The United Nations and international conventions relating to armed conflict
The United Nations is not, as an international personality in its own right, a party to any of the conventions relating to armed conflict. It is sometimes suggested that it should become a party. This, however, could impede its peacekeeping missions. The problem is the threshold of application of the Conventions. There are situations in peacekeeping, especially those that require—or come to require – “robust” measures, that may cross the threshold, but it may be undesirable for the operation to “change gears” notionally from a peacekeeping mission into an armed conflict. This could well have an escalation effect. Moreover, there would be something odd about a situation in which the United Nations, in the name of the international community, is conducting an essentially peaceful operation in accordance with the United Nations Charter, which could be characterized nonetheless as an “armed conflict” in which United Nations forces and opposed forces are equally “combatants”. It has rightly been suggested that the threshold of armed conflict must be set higher than that set by the Geneva Conventions and Protocols where United Nations peacekeeping operations are concerned.9 Notwithstanding that understandable view, the United Nations has consistently taken the view that “the principles and spirit of general international conventions applicable to the conduct of military personnel” shall be observed by forces participating in United Nations peacekeeping operations.10 This, of course, is to underline the fundamental consideration that absence of formal applicability of the laws of armed conflict/international humanitarian law does not open up a vacuum in which no laws apply.

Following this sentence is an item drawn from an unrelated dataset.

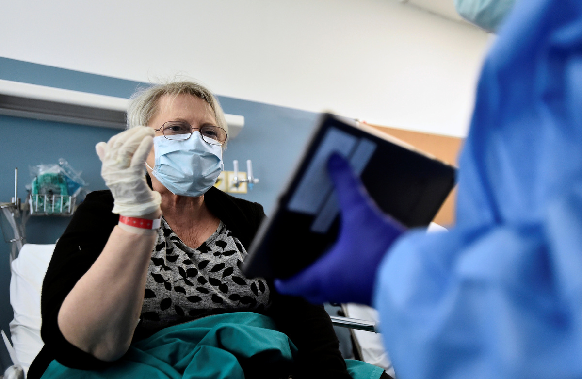 A patient suffering from the coronavirus disease (COVID-19) uses a tablet to speak to a relative who is unable to visit, at the Cernusco sul Naviglio hospital in Milan, Italy, April 7, 2020. REUTERS/Flavio Lo Scalzo

It might stick in the throats of right-thinking people that there should be an equality of arms (and the equal moral stature that might be implied by the formal applicability of international conventions relevant to armed conflict) in the case of enforcement actions carried out under the authority of the United Nations Security Council acting under Chapter VII of the Charter. After all, in such a case there is a party clearly identified by the Security Council as being in the wrong, and United Nations forces are being deployed to right that wrong. That, however, would be a wrong approach, if it led to the proposition that the Conventions could not apply. Both the law of armed conflict, and international humanitarian law, have throughout their development been consistently agnostic so far as the rightness or wrongness of a belligerent party’s position is concerned. The jus in bello applies equally among the parties however strong or weak their claims may be to have the right to resort to force—under the jus ad bellum. And of course that must be so, otherwise the conflict could be fought without restraint. Peace enforcement personnel acting on behalf of the United Nations are essentially engaged in hostilities as belligerents and “are treated in exactly the same way as the armed forces of a state.”11 Looked at from the practical point of view, as Professor Greenwood has remarked, if those laws did not apply then a commander of the force opposed to the UN force could well conclude that he “might as well be hanged for a sheep as for a lamb.”12
The Convention on the Status of United Nations and Associated Personnel
The difference between peace-keeping and peace enforcement operations is clearly marked by the Convention on the Safety of United Nations and Associated Personnel, adopted by the General Assembly and opened for signature on 9 December 1994.13 The Convention applies to protect military, police or civilian personnel engaged or deployed in a “United Nations operation.” It is made a crime for any person to murder, kidnap, or otherwise attack personnel so engaged or deployed. The Convention provides for quasi-universal jurisdiction over offenders.14 The term “United Nations Operation” is defined to mean:
an operation established by the competent organ of the United Nations in accordance with the Charter of the United Nations and conducted under United Nations authority and control:
(i) where the operation is for the purpose of maintaining or restoring international peace and security; or
(ii) where the Security Council or the General Assembly has declared, for the purposes of this Convention, that there exists an exceptional risk to the safety of the personnel participating in the operation.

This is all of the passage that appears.